Dissertation: An Automated SMS FAQ Retrieval System in a Multi-Lingual Environment

The aim of this dissertation is to investigate automatic replies to client queries via SMS using multiple languages; with the main languages in this particular study being English and Maltese. An analysis of the efficiency of different algorithms is carried out for a system that would be able to fetch an FAQ answer corresponding to the client’s question from a list of corpora, and sent to the same client. 

Natural language processing is a field of artificial intelligence, computer science and linguistics concerned with the interactions between a computer machine and human natural language. The anytime/anywhere ease of access provided by mobile networks and the portability of handsets, coupled with the strong human urge for immediate answers, has fuelled the growth of information-based services on mobile devices. These services can be simple advertisements, polls, alerts or complex applications such as browsing, search and e-commerce.

The latest mobile devices come equipped with high resolution screen space, inbuilt web browsers and full message keypads, however the majority of users still use cheaper models that have limited screen space and a basic keypad. Hence  questions are more likely to be noisy and contain spelling mistakes, abbreviations, deletions, phonetic spellings, transliterations etc. Henceforth, the challenge with automated FAQ retrieval systems is how to return answers to the user’s natural language questions. The whole process is complicated as it involves a number of different but closely combined techniques, including query rewrites and formulations, question classification, information retrieval, passage retrieval, answer extraction, answer ranking and justification.

Using natural language processing, and the tools it offers, the system would be able to analyse a client’s query via an SMS and returns an SMS reply related to that same query. The system would need to be able to handle the noise found in each SMS being received; in other words the system would need to clean such SMS, analyse it and then be able to fetch an answer from a list of FAQs and return it to the user.
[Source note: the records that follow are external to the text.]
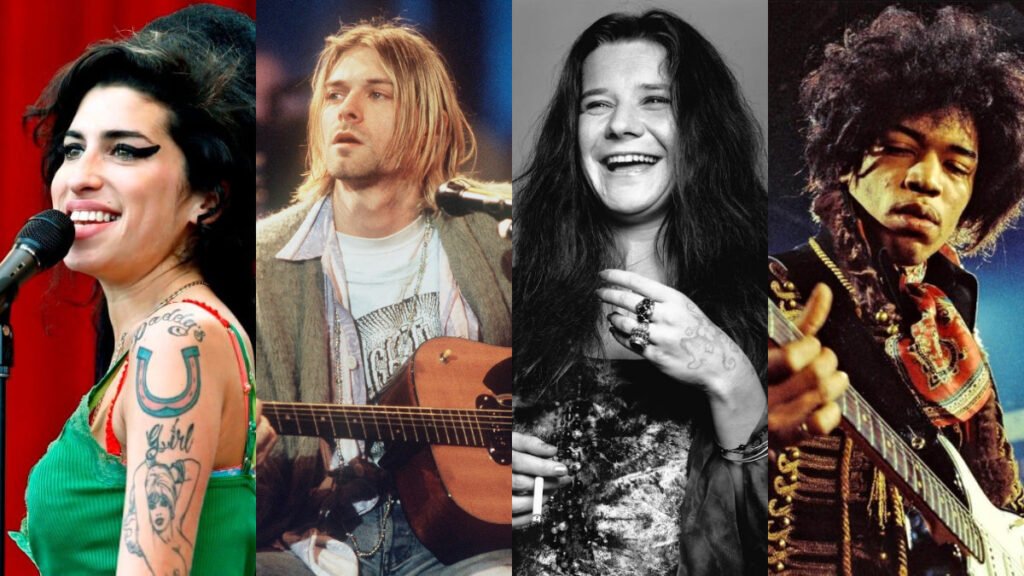 Décadas depois, em 1994, o suicídio de Kurt Cobain consolidou a mística. Segundo a biografia Heavier Than Heaven, a mãe de Cobain teria dito: “Agora ele se foi e se juntou àquele clube estúpido. Eu disse para ele não se juntar a esse clube estúpido”. O ingresso mais recente e impactante foi Amy Winehouse, em 2011, cuja batalha pública contra a dependência química deu um rosto moderno à velha tragédia.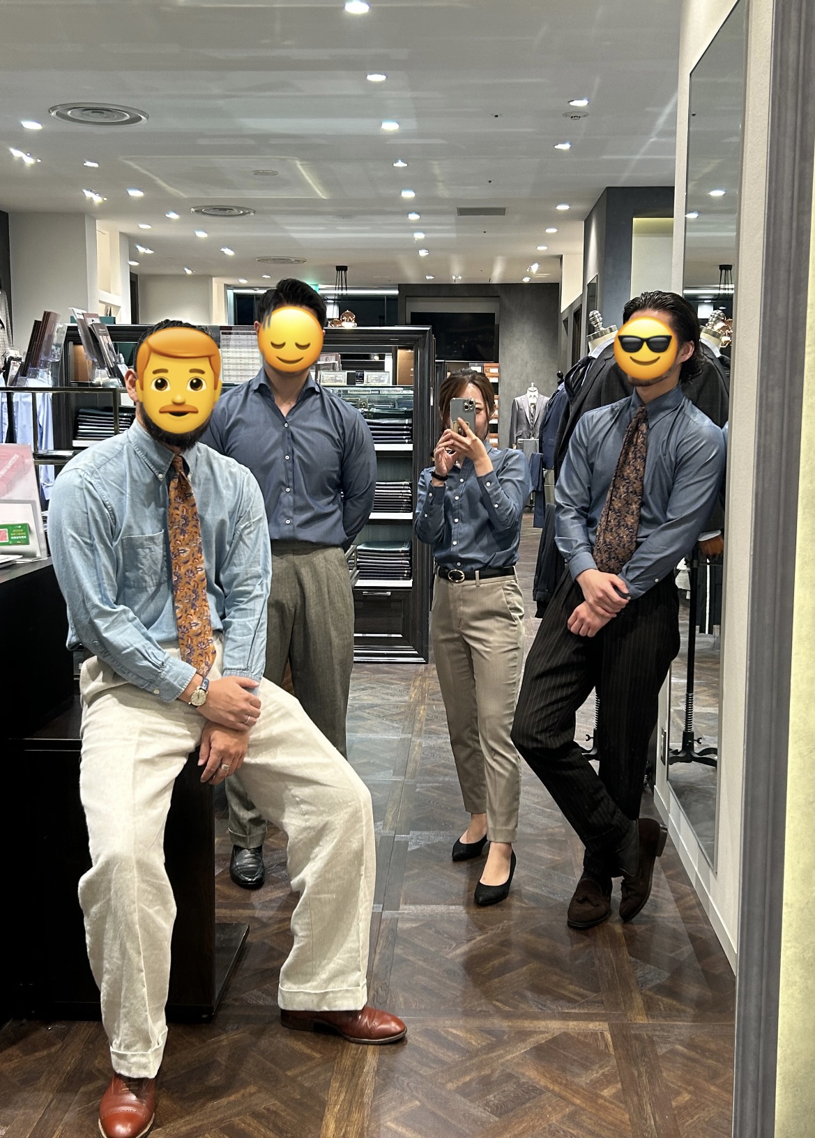 実は丸の内本店の木ノ下さんと田口さんも同じ生地のシャツを持っていらっしゃったので、みんなで写真を撮りました!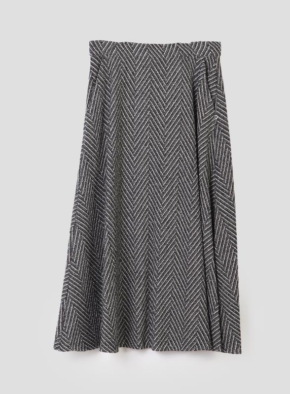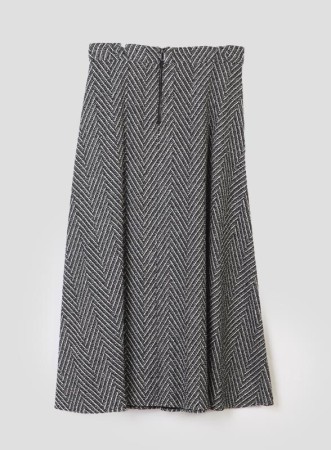 Gonna firmata PENNYBLACK, linea svasata in tessuto stuoia, zip invisibile, tasche sui fianchi, fit regolare, sfoderata.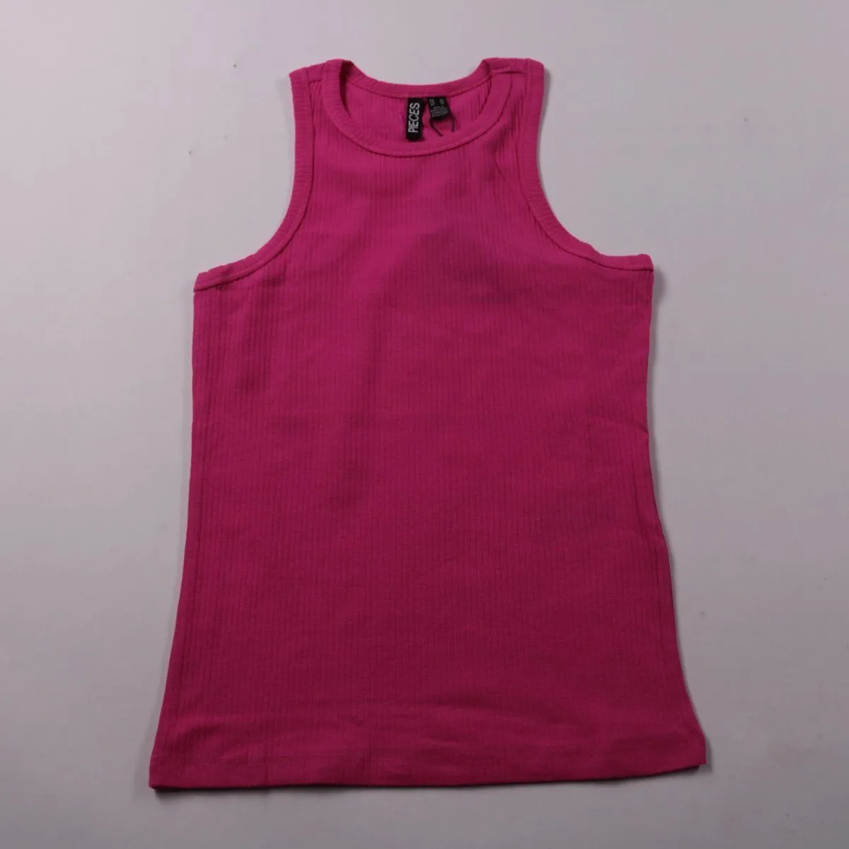 Трикотажная майка Pieces в рубчик ярко-розового (фуксия) цвета, облегающий крой и круглый вырез. Подойдёт для лета и тренировок или как базовый слой под рубашку/жакет. Эластичный материал хорошо тянется и комфортно сидит по фигуре.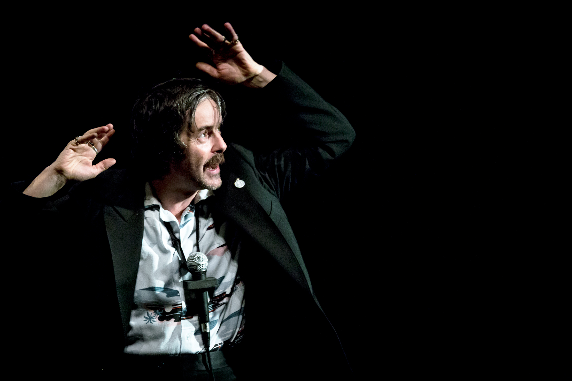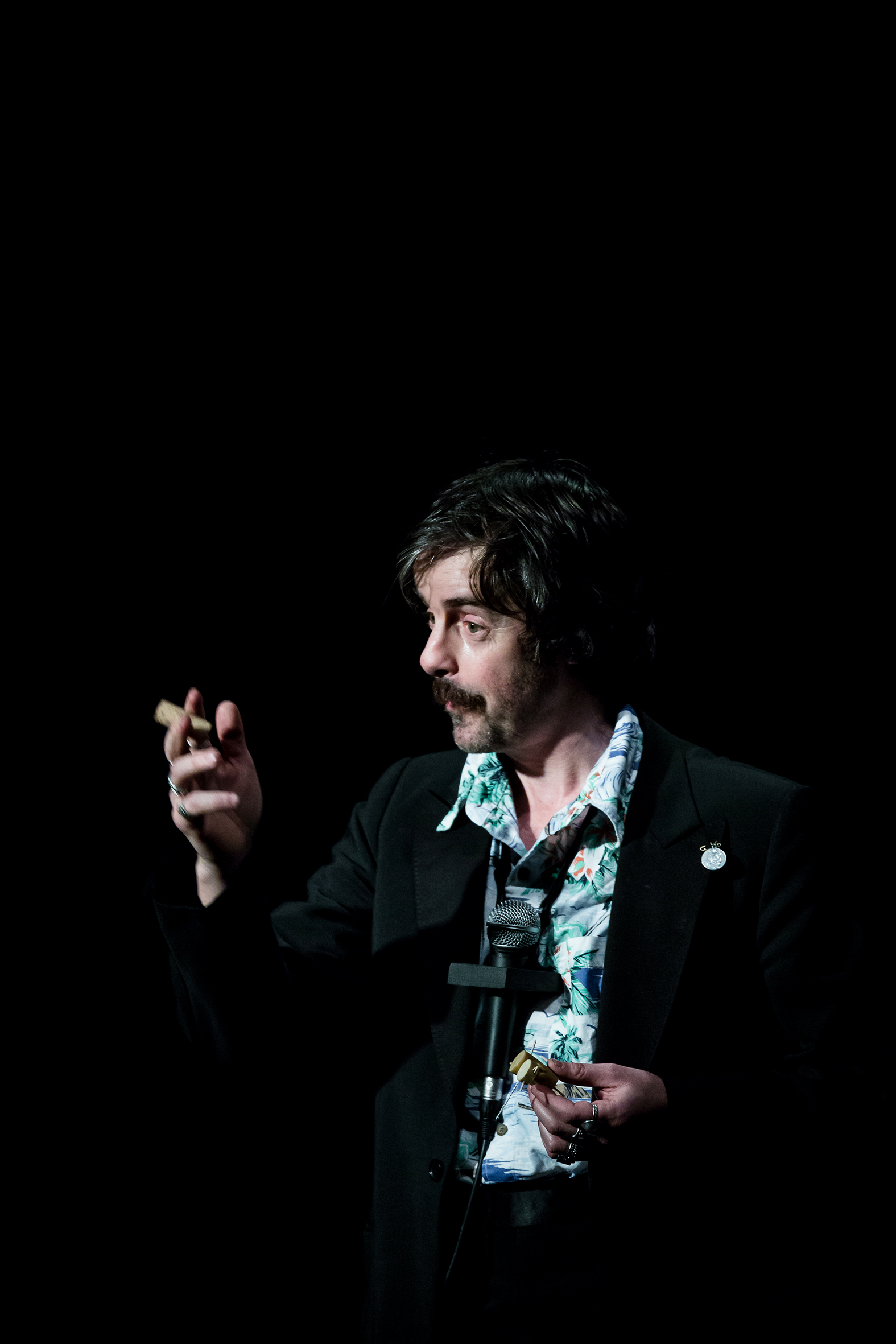 Tout Dostoïevski, ou presque. Presque, parce que dans ce presque se bousculent de formidables et merveilleuses digressions, entre considérations personnelles, vodka, et commentaires sur l’œuvre et l’auteur. Inévitablement en une heure, le pari est tout simplement impossible. Mais qu’importe, Charles Courtois Pasteur, étrange personnage entre le bateleur de marché avec son micro en sautoir et le conteur – formidable – plus connu sous le nom de Charlie, avatar d’Emmanuel Vérité, nous embarque quasi illico dans l’œuvre, rend hommage à un monument de la littérature russe qu’il visite de façon unique, tout à la fois notre guide et acteur. Oh, avec pas grand-chose, quelques anecdotes, quelques bouchons sculptés, c’est sa passion du moment, et des références surprenantes et d’une évidence qu’on se prend à se dire pourquoi n’y avons-nous pas pensé avant. Prenons Colombo, l’inspecteur à l’inusable usé imper mastic, au cigare mâchouillé. Comparons-le à Porphiri Petrovich, l’enquêteur chargé de l’enquête du meurtre de l’usurière par Raskolnikov. Eh bien Crime et Châtiment c’est la même chose, le même principe qu’un des très nombreux épisodes de cette série policière. Tout y est. On connaît l’assassin, on attend juste qu’il tombe dans les rets d’un inspecteur retors que l’on ne soupçonnerait pas d’une once d’intelligence. Voilà et si après ça, résumé comme ça, on ne se précipite pas dans le roman, c’est à n’y rien comprendre. Charlie aura raté son pari. Lequel n’hésite pas à reconstituer la scène du crime, un vrai polar on vous dit, hache en main et spectatrice sacrifiée sur le plateau, pour un court instant usurière et victime. Alors c’est vrai Dostoïevski fait peur, Charlie en convient. D’ailleurs il met l’ambiance d’emblée, deux chandelles magiques et quelques fumigènes, voilà pour l’atmosphère. Et c’est beaucoup de pages, des noms et surnoms impossibles, des intrigues tortueuses, des crimes, des parricides, de la méchanceté, des remords, de la culpabilité, de la folie. La Russie moderne et la métaphysique, le libre arbitre, Dieu et tout ça… Mais cette peur, un peu plus d’une heure plus tard, s’est métamorphosé, magique Charlie, en un sentiment de bonheur de soudain comprendre ou redécouvrir une œuvre tout à la fois terrifiante et bouleversante. Pas pour rien que commençant par Crime et Châtiment – déjà le titre aurait dû nous mettre la puce à l’oreille – il termine en majesté et avec intelligence par Les frères Karamazov. Très utile là les petits bouchons pour ne pas se perdre dans la fratrie. Juste la fin du roman, qu’il raconte, l’enterrement du petit Illouchia et l’allocution d’Alexeï, le petit dernier des quatre, près de la pierre. Et là Charlie devient un conteur magnifique. Qui vous donne le frisson et vous prend à revers avec une simplicité, sans effet aucun, rien d’autre que la lumière qui décline. Ah ! la belle farce, Charlie nous a bien eu qui nous la coupe net ! Et on se dit oui, rien que le choix de ses deux romans, pas de temps pour les autres et de toute façon inutile tant ces deux-là, emblématiques, éclairent sans doute l’ensemble de l’œuvre, c’est tout Dostoïevski qui vous tombe dessus, de tout son poids, sans crier gare. On devrait se méfier de Charlie, qui ne paye pas de mine c’est vrai, un peu comme Colombo, mais véritable auguste avec sa charge tragique et cette part d’humanité, la seule sans doute à pouvoir vous guider dans les méandres de cette œuvre monstre avec trois fois rien, quelques petits bouchons, un peu de vodka et une hache. Charlie, Dostoïevski même combat ? Imaginons Dostoïevski en chemise hawaïenne…

During this project a widely used NLP tool called term frequency-inverse document frequency together with a common similarity measure called Cosine Similarity, were used to identify an appropriate reply for a given query. The results obtained after testing a number of SMSs falling under four specific categories are rather encouraging. Out of 602 SMSs tested, the system was able to identify the category for 506 SMSs. Moreover, although the average similarity scores obtained during these tests varied because some of the SMSs being tested were too noisy,  this method still yielded good results. When testing 142 SMSs related to Internet, it was concluded that the system would calculate a similarity score of more than 0.1322 for 90% of the SMSs being tested. This is a rather promising result.